• Task item:
Output the run of lines that opens with the first line of the material below and closes with the line containing "Off-white short-sleeved T-shirt", both included, and drop the pictures.

• Raw data:
-*-

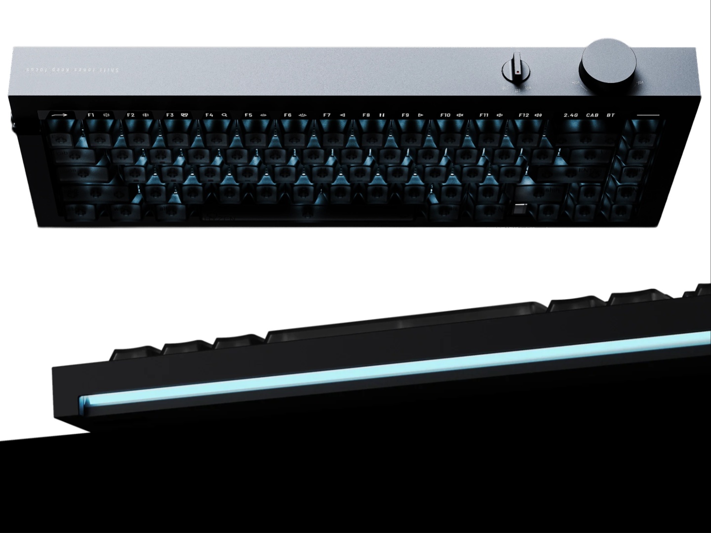 Quanto ao design, o chassi foi usinado em CNC a partir de um único bloco de alumínio. Trata-se de um teclado com 65% de funções, mas integra de forma inteligente a linha de funções por meio de um botão de alternância dedicado e indicadores LED. Há um botão para controle de áudio e uma chave seletora de três vias para os modos de energia, com fio e sem fio. Embora não haja pés na parte inferior, a Lofree adicionou uma inclinação de 12 graus para uma posição de digitação mais ergonômica. O Hyzen também tem uma barra de luz LED na parte inferior, voltada para baixo.
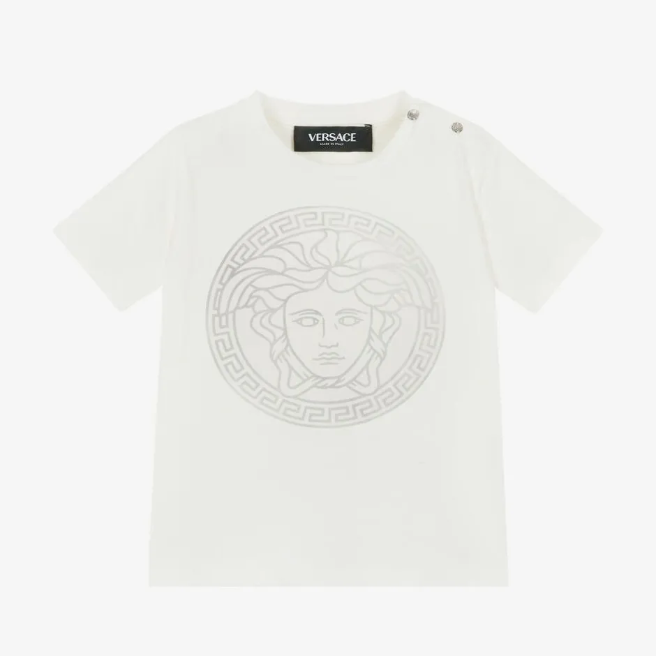Off-white short-sleeved T-shirt for baby boys and girls by Italian luxury designer Versace. For a distinctive look, the front is printed with a Greca framed Medusa logo in metallic silver. Made in soft cotton jersey, this casual tee has a crew neckline and silver-tone poppers on one shoulder to assist with dressing.
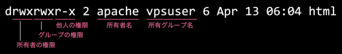 chownはファイルやディレクトリの所有者を変更するコマンドです。apache:vpsuser と指定することで、htmlディレクトリの所有者をapacheに、グループをvpsuserにしています。
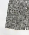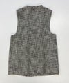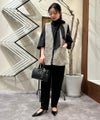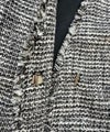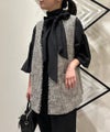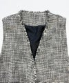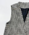 凹凸のある表面感、ラメ糸が入った杢色のトライスピンツイード素材を使用したジレ。深めのVネックデザインに広めのアームホールでボウタイやフリル付きのブラウスなど、デザインのあるインナーとも相性抜群。ネックラインやポケットのフリンジデザインで華やかさはありつつ、固すぎずファッショナブルな印象を与えてくれます。フォーマルから日常使いまで様々なスタイリングが楽しめる一枚です。※裏地付き、ポケット付き。

-*-

• Solution:
 Quanto ao design, o chassi foi usinado em CNC a partir de um único bloco de alumínio. Trata-se de um teclado com 65% de funções, mas integra de forma inteligente a linha de funções por meio de um botão de alternância dedicado e indicadores LED. Há um botão para controle de áudio e uma chave seletora de três vias para os modos de energia, com fio e sem fio. Embora não haja pés na parte inferior, a Lofree adicionou uma inclinação de 12 graus para uma posição de digitação mais ergonômica. O Hyzen também tem uma barra de luz LED na parte inferior, voltada para baixo.
Off-white short-sleeved T-shirt for baby boys and girls by Italian luxury designer Versace. For a distinctive look, the front is printed with a Greca framed Medusa logo in metallic silver. Made in soft cotton jersey, this casual tee has a crew neckline and silver-tone poppers on one shoulder to assist with dressing.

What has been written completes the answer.